«Уважаемый читатель! Это произведение затрагивает серьёзные темы и содержит сцены насилия в рамках жанра. Оно не пропагандирует противоправные действия, а является исследованием тьмы и света в душе человека.»
Воздух был густым и влажным, словно проглоченная слеза. Петербург осенью — это не город, а состояние души, тягучее и безнадежное, как чахлый свет фонарей, тонущий в подступающих сумерках. Свинцовые тучи, нависшие над крышами, не предвещали ни грозы, ни очищающего ливня — лишь бесконечную, изматывающую духоту, когда кажется, будто само небо давит на плечи, пригвождая к земле. Дождя всё еще не было, но его призрачный аромат — терпкая смесь мокрого асфальта, прелой листвы и грядущих холодов — уже витал в переулках, пропитывая одежду, кожу, мысли. Обычная погода для города на Неве, смирившаяся участь. Местные давно привыкли к этой вечной слякоти души, к тоске, что лишь изредка, словно по милости, разбавлялась редким, почти неестественным солнцем, бесстрастным и холодным, как взгляд незрячего.
Я плелся с работы. Нет, это громко сказано — «с работы». Я влачил ноги с того места, куда меня загоняло пять раз в неделю чувство долга, приправленное отчаянием. Разве об этом я грезил в детстве, засыпая под убаюкивающий шепот материнских сказок? Вырасту, пройду сквозь жернова института, чтобы в итоге вгрызаться в ржавые гайки на потрепанном жизнью заводе за копейки, которых едва хватает на то, чтобы не забыть вкус хлеба? От одной этой мысли по спине пробежала судорога, куда более пронзительная, чем любой вечерний холод. А ведь когда-то всё начиналось иначе — в юности мир казался распахнутым настежь, полным радужных планов, грез о деле по душе, о тепле семейного очага, о великом, щемящем душу смысле, ради которого стоило просыпаться каждое утро.
Но реальность, жестокая и безжалостная, оказалась прочнее самых смелых фантазий. Она не просто разбила мои розовые очки — она растоптала их осколки, втоптала в грязь, посмеявшись над наивными юношескими идеалами. А может, это я сам их разбил? Словно испуганный ребенок, который роняет вазу, а потом до смерти боится в этом признаться. Кто теперь разберет. В поисках ответов я продирался сквозь дебри философских трактатов, штудировал учебники по психологии, надеясь найти спасительную нить в этом лабиринте безысходности. Везде одно и то же: «мир иллюзорен», «ты — творец своего счастья», «измени восприятие, и реальность преобразится». А где оно, это пресловутое счастье?
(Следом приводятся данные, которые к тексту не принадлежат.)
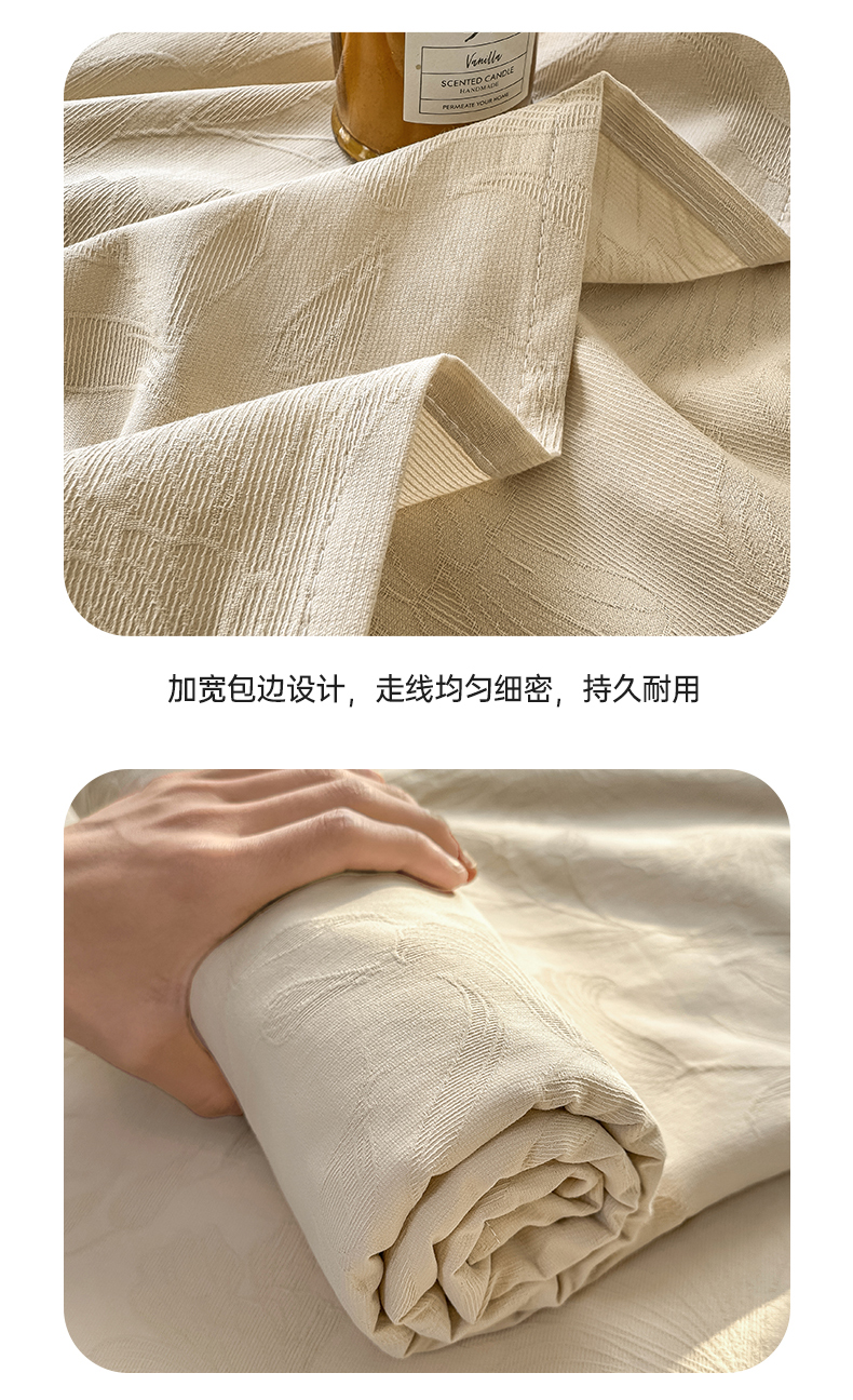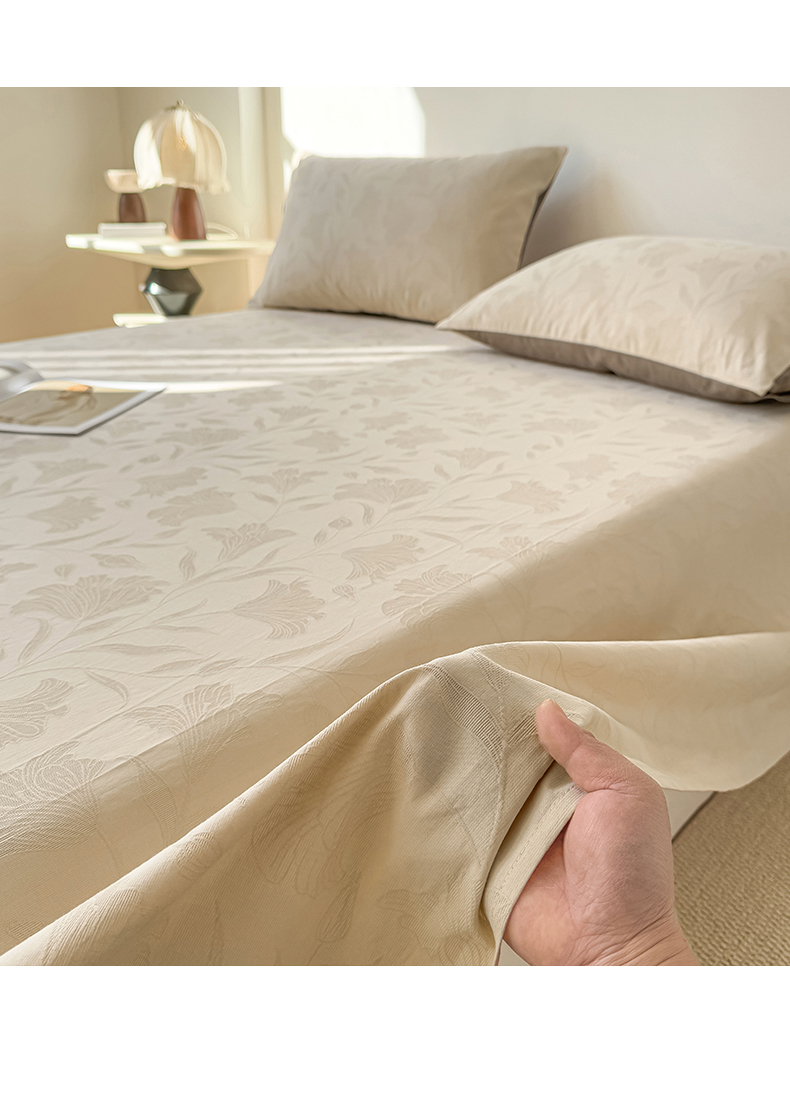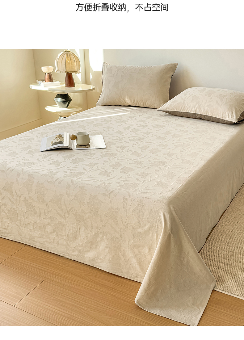 商品名称:女子家纺 2026新款全棉厚织三层水洗色织提花床单 芳菲-可可奶咖
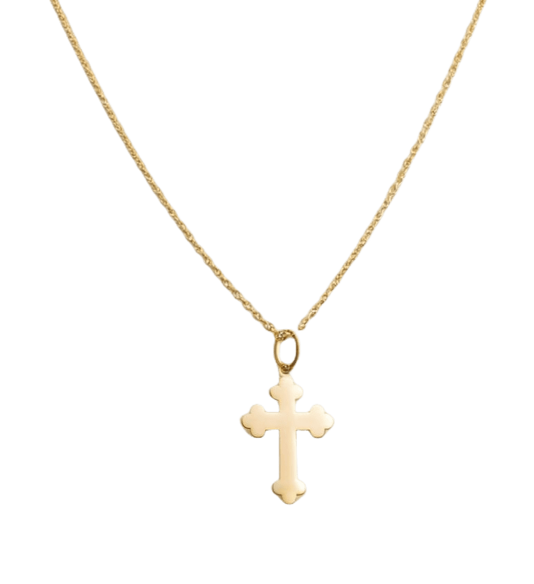 Acest pandantiv simplu și rafinat, realizat din aur galben de 14K, reprezintă un simbol clasic al credinței și al eleganței atemporale. Cu un design curat și liniar, este perfect atât pentru purtare zilnică, cât și pentru a fi oferit drept cadou cu semnificație specială.

Где тот волшебный рычаг, что переворачивает вселенную? Видимо, он надежно спрятан лишь в головах тех, кто пишет эти книги, чтобы сколотить состояние на доверчивых чудаках вроде меня, готовых отдать последнее за призрачную надежду.
Хрен бы с ней, с работой, и с той карьерой в спорте, что так и осталась несбыточным миражом. Помню, как тренер, суровый, как гранитная глыба, с глазами, горящими угольками веры, хлопал меня по плечу: «Из тебя выйдет толк, Дмитрий. У тебя стальной характер». А я? Я подвел его. Растворился в серой повседневности, как сахар в холодном чае. Видимо, во всем виноват только я один — в моей слабости, в моем неумении бороться до конца. И теперь мне остаётся лишь наблюдать со стороны, как другие живут полной грудью, а я бессмысленно плыву по течению, как поганое говно в ледяной проруби, которое никто не заметит и не вспомнит.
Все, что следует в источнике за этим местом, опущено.